Again, this remake fascinates me. The songs and basic premise are the only things that really tie it back to the original. The additional complication of the show adds a different set of problems to the plot and the characters are all over the place compared to their original counterparts. The John Kent character is split into two by being Al, who inherits the shop, and Tony, who falls for Stephanie and has a girlfriend from back home who creates just the right amount of confusion to the budding relationship. Huck Haines is in part Tony, for being the friend of the heir, and Jerry, who's on the sidelines for a good part of the film. Stephanie is really the only character to stay consistent in name and role. But, Bubbles is a weird combination of John's girlfriend, Sophie, and Huck's nightclub performer girlfriend, Tanka. You see? When you start comparing all of the characters, it starts to get a little confusing. I like that! And I didn't even bring up Zsa Zsa Gabor who, I think, is a bit like Tanka as well.

I still like the original best. It's very funny and has a really cute storyline that is pretty uncomplicated. I love all of the characters in it. John Kent is very frustrating at times, but he's still pretty endearing. And Fred and Ginger are at their bantering best in this one. They never actually fight at all, which is a refreshing change in the pattern of mistaken identities and mixed up plot lines that they usually got. 

The remake is a really cute move with some great songs. I don't like Tony's character at all, so I have a hard time understanding why Stephanie would fall in love with him; she deserves so much better. I'm not a huge fan of Red Skelton's physical humor, either, so that's a factor too. I love Marge and Gower Champion in the movie and I didn't have a problem with them taking Fred and Ginger's songs - I think they made the songs their own pretty well.

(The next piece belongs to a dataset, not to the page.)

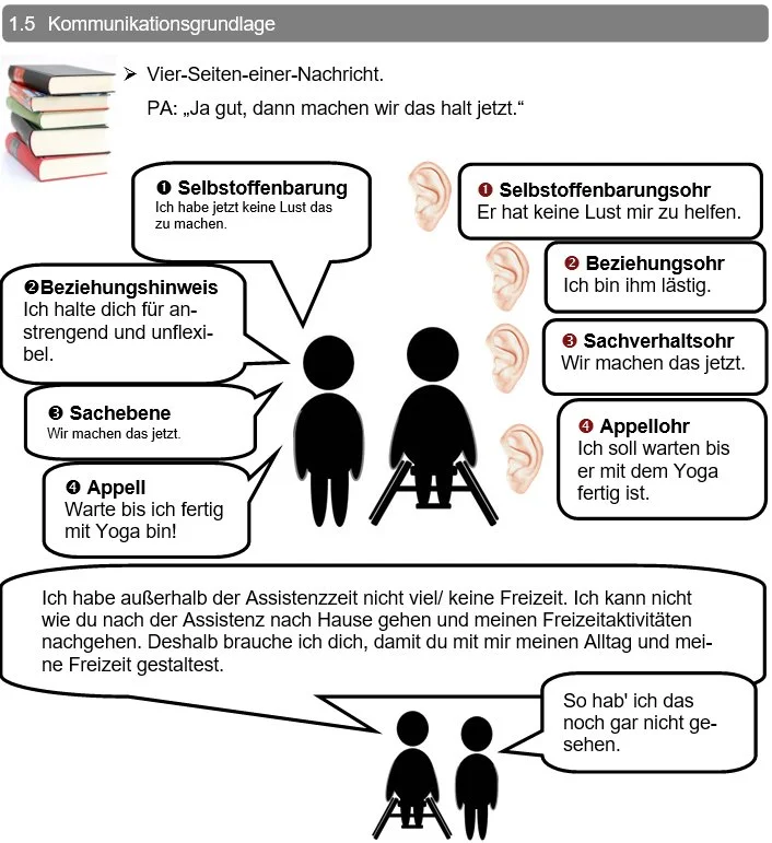 Wer zur Erfüllung seiner Wünsche und Bedürfnisse auf die Hilfe anderer angewiesen ist, muss in besonderem Maße kommunizieren. Menschen mit Behinderung sind auf die Hilfe ihrer persönlichen Assistenten angewiesen, um ihr Leben selbstbestimmt gestalten zu können. Körperhygiene, Arbeiten, Freizeitaktivitäten etc. sind, je nach Grad der Behinderung, nicht ohne fremde Hilfe möglich, sodass es für die Zusammenarbeit zwischen Klienten und Assistenten unerlässlich ist, Wünsche, Bedürfnisse, Möglichkeiten und Grenzen klar zu äußern. Wird bei diesen Themen nicht klar kommuniziert bzw. aufmerksam zugehört, kann es dazu kommen, dass man nicht weiß oder sich unsicher ist, welches Verhalten nun in welcher Situation erwünscht und angemessen oder eben unerwünscht und unpassend ist. Dieses Unwissen bzw. diese Unsicherheiten im Verhalten können zu kritischen Situationen führen, die Grenzüberschreitungen und Konflikte nach sich ziehen können.

The biggest problem I have with the movie, really, is that I don't like one of the main characters and he gets the girl at the end. As far as remakes go, though, it's a creative take on an original story.

What do you guys think? Have you seen either of the movies? Both? How did they compare?

Tuesday, April 30, 2013

Long time a-no see!

So. I've definitely let the ball drop where this blog is concerned. So much has happened since I last posted:
I went to the TCM Cruise in January!
I made another video with Emma Wallace's music, this time featuring the lovely Ava Gardner!
I started watching Once Upon A Time!

Okay, you probably don't care very much about that last one. I'd better think of something else interesting that happened... well, nothing major comes to mind. I turned 25. That's exciting!

Anyway, I really do want to get this blog up and running again. I keep procrastinating it because I don't know what to put on it. I want this blog to be different from other blogs but I also want to make sure it's interesting - and there's a lot from other blogs that I can learn. So, I'm still working it out.

One thing I do know is that I want to go back to some of the types of posts I used to do: the fashion inspiration posts and the comparison/contrast posts. Naturally, those are a lot of work. This is fine, of course, but I want to make sure the work is worthwhile and that I'll actually have people reading this thing. I started getting really lazy the last time I posted a lot. My mom suggested I start a facebook page for my blog. I love this idea because facebook is a better format for posting random pictures and videos than blogger. However, I need to make sure I actually have a blog going before I make a facebook page for it, you know?

But, I just wanted to check in and let you all know - if you are still reading - that I haven't completely neglected my blog. I plan to come back to work on it soon. If you have any suggestions or requests, please do not hesitate to send them my way!